▸ Requirement: Exact copy, pictures excluded: output the lines from the opening of the entries through the line bearing "ein einzigartiges Design!🐕".
*** Source data Section Begins ***
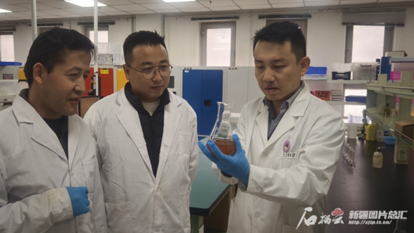 3月6日,乐发Ⅱ2环境污染与生态修复实验室内,自治区“天池英才”引进计划青年博士裴亮(右一)正带领研究小组开展相关研究。来天翼摄
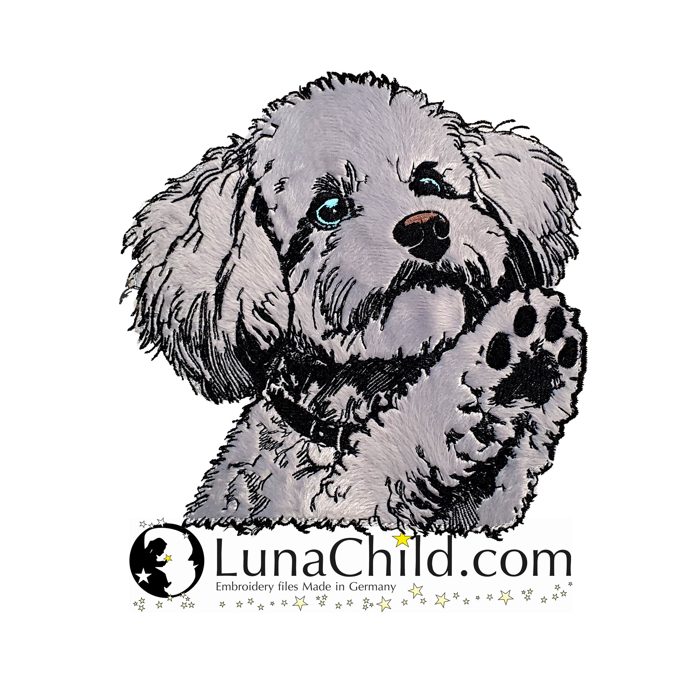 🐕Die Stickdatei Hunderasse Pudel "Farly" als Applikation von Lunachild ist ideal für Hundeliebhaber. Mit dieser detaillierten Datei kannst du den süßen Hund auf Kleidung, Taschen und mehr verewigen. Perfekt für kreative Projekte und ein einzigartiges Design!🐕
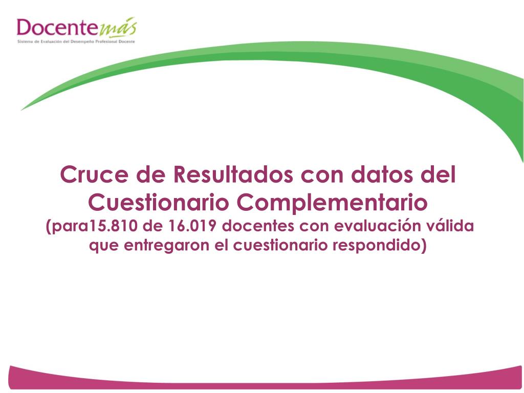 Cruce de Resultados con datos del Cuestionario Complementario (para15.810 de 16.019 docentes con evaluación válida que entregaron el cuestionario respondido)
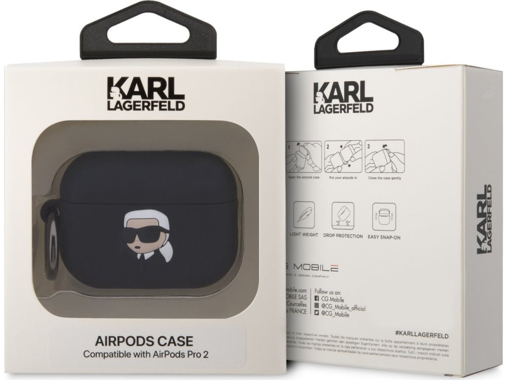 Pouzdro na sluchátka AirPods Pro 2 - Karl Lagerfeld, NFT Karl Head Black KLAP2RUNIKK
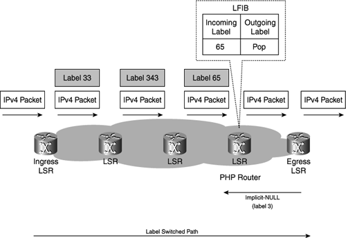 The use of implicit NULL at the end of an LSP is called penultimate hop popping (PHP). The LFIB entry for the LSP on the PHP router shows a "Pop Label" as the outgoing label. Figure 3-3 shows penultimate hop popping.
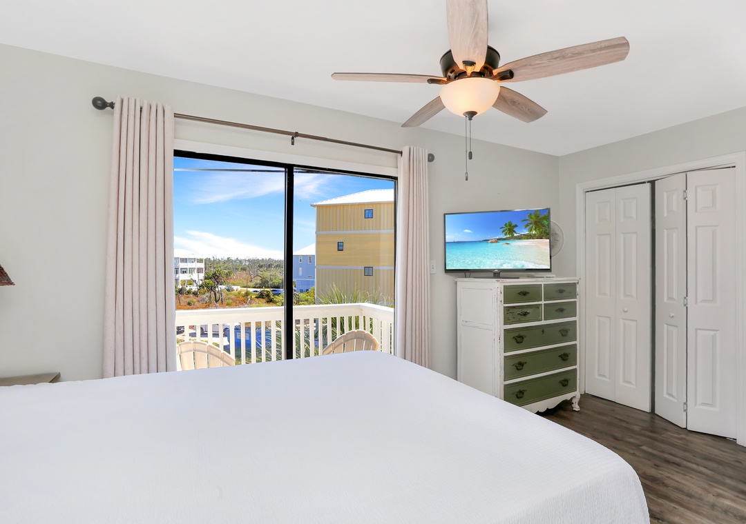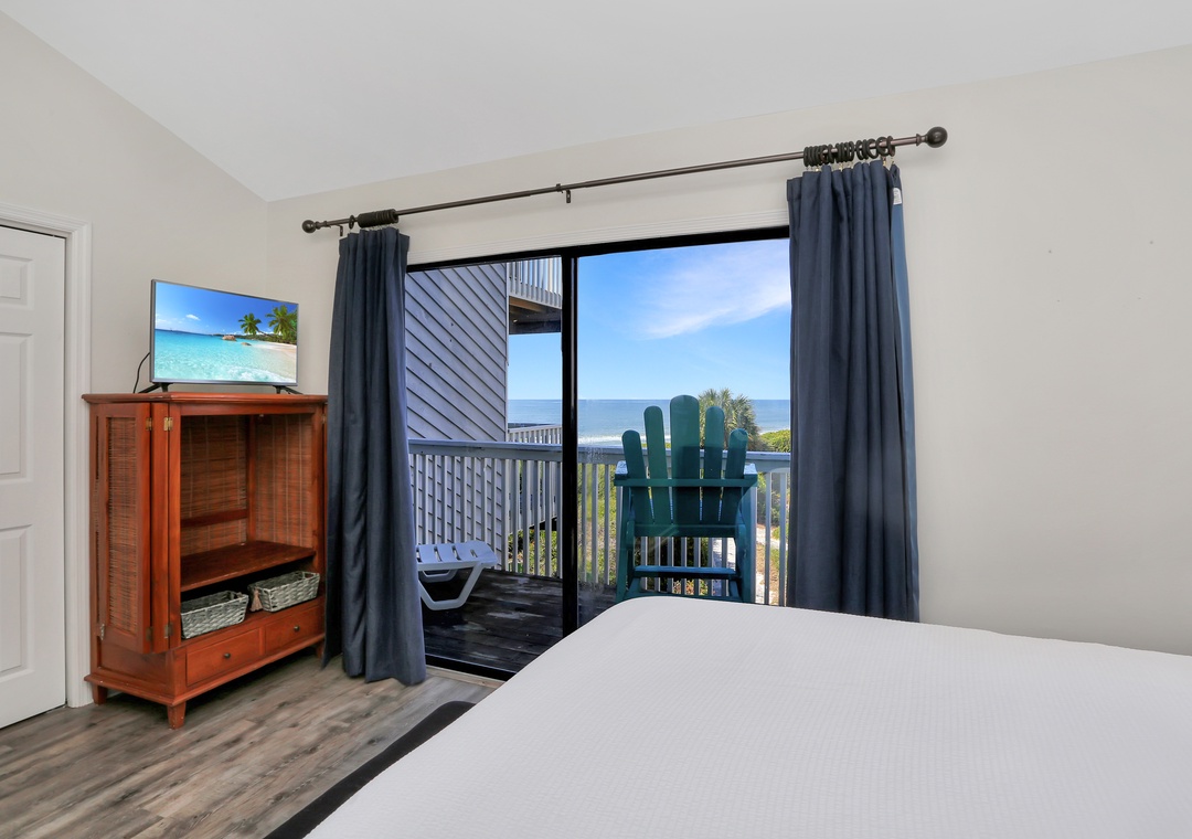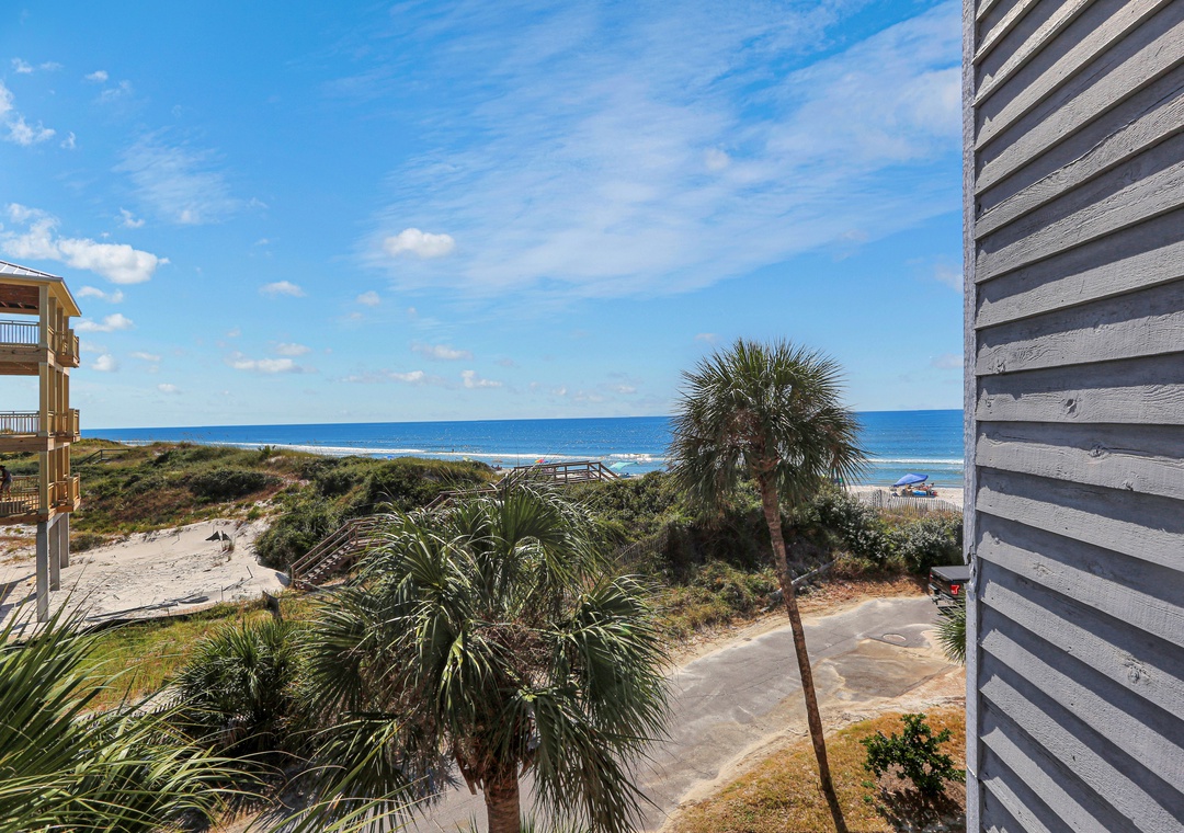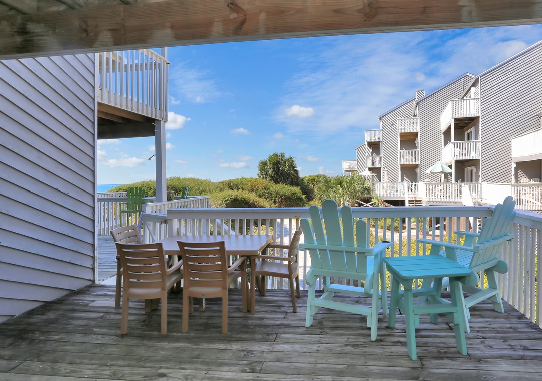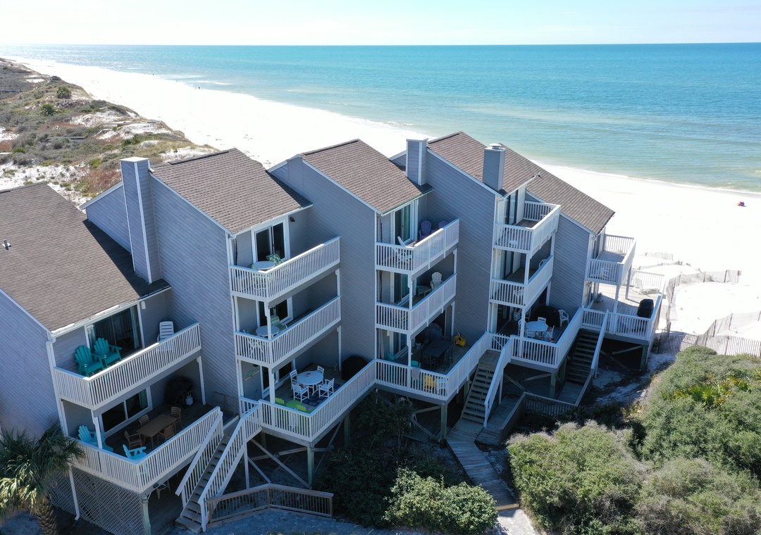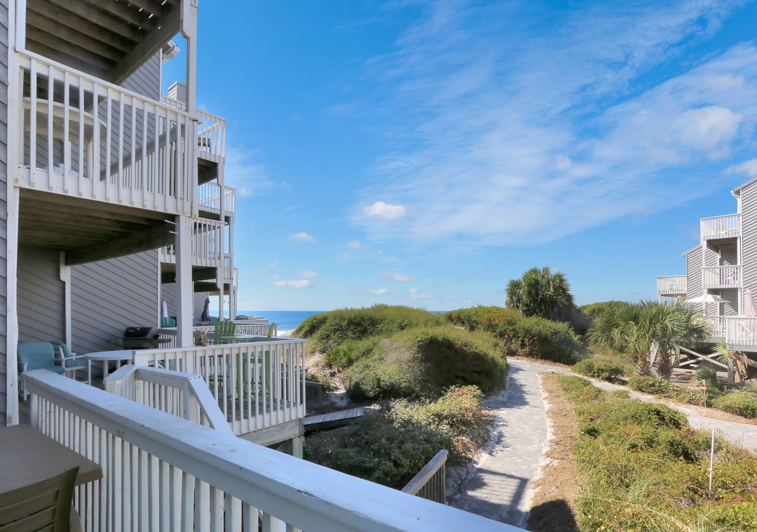 We will definitely stay here again if possible. The great thing about the unit is that the decks & sliding glass doors face more south than west. The decks are mostly shaded all day & the sun never gets on the glass so the interiors stay more comfortable. Good beach view from the upper deck, or sit on the raised chairs on the lower deck. You can even see the Gulf from the kitchen, a definite plus!- Posted: 9/21/2019
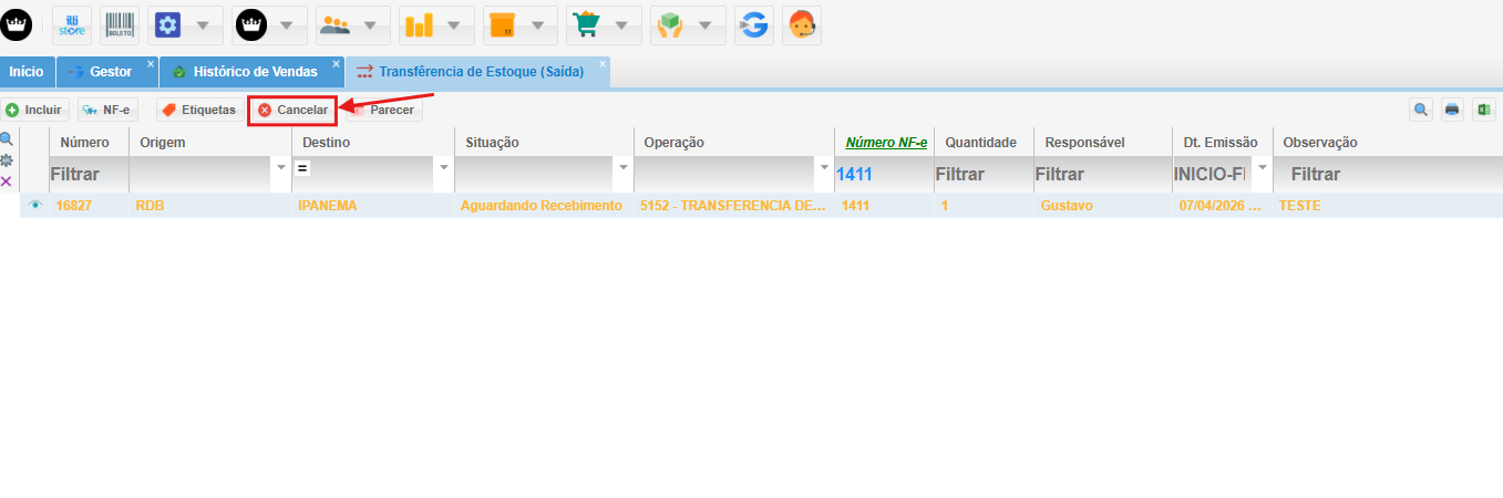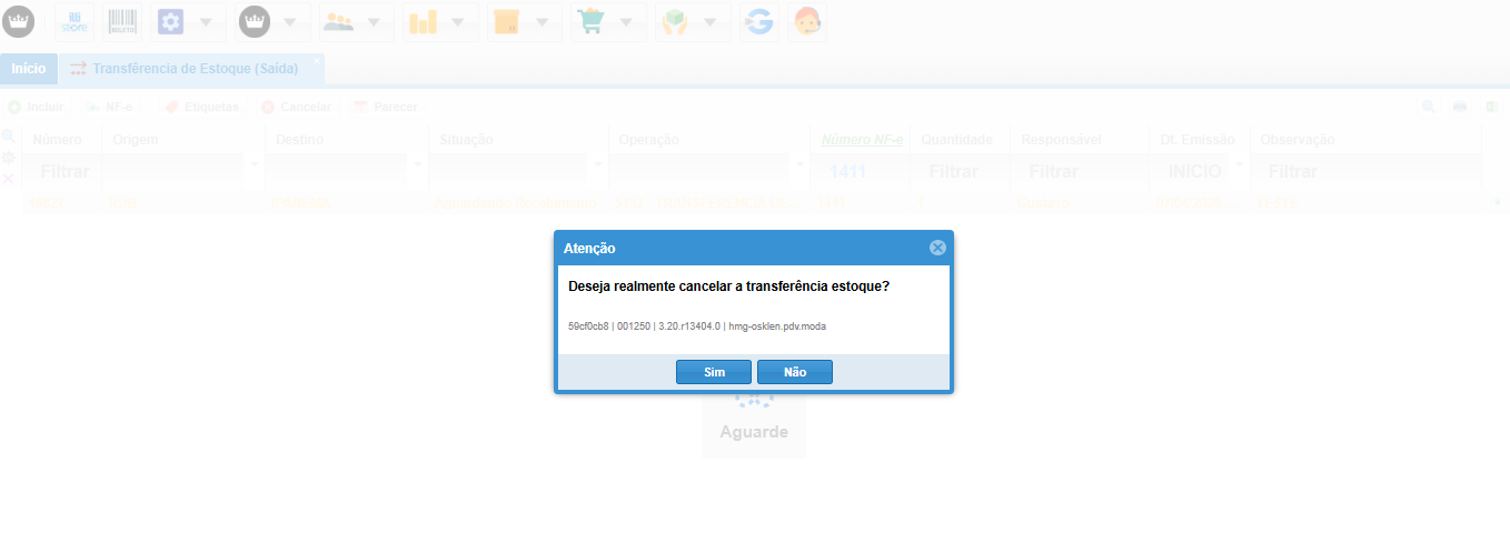 Automaticamente ao selecionar a transferência e cancelar, vai realizar o processo de cancelamento da nota.
*** Source data Section Ends ***
▸ Answer box:
 3月6日,乐发Ⅱ2环境污染与生态修复实验室内,自治区“天池英才”引进计划青年博士裴亮(右一)正带领研究小组开展相关研究。来天翼摄
 🐕Die Stickdatei Hunderasse Pudel "Farly" als Applikation von Lunachild ist ideal für Hundeliebhaber. Mit dieser detaillierten Datei kannst du den süßen Hund auf Kleidung, Taschen und mehr verewigen. Perfekt für kreative Projekte und ein einzigartiges Design!🐕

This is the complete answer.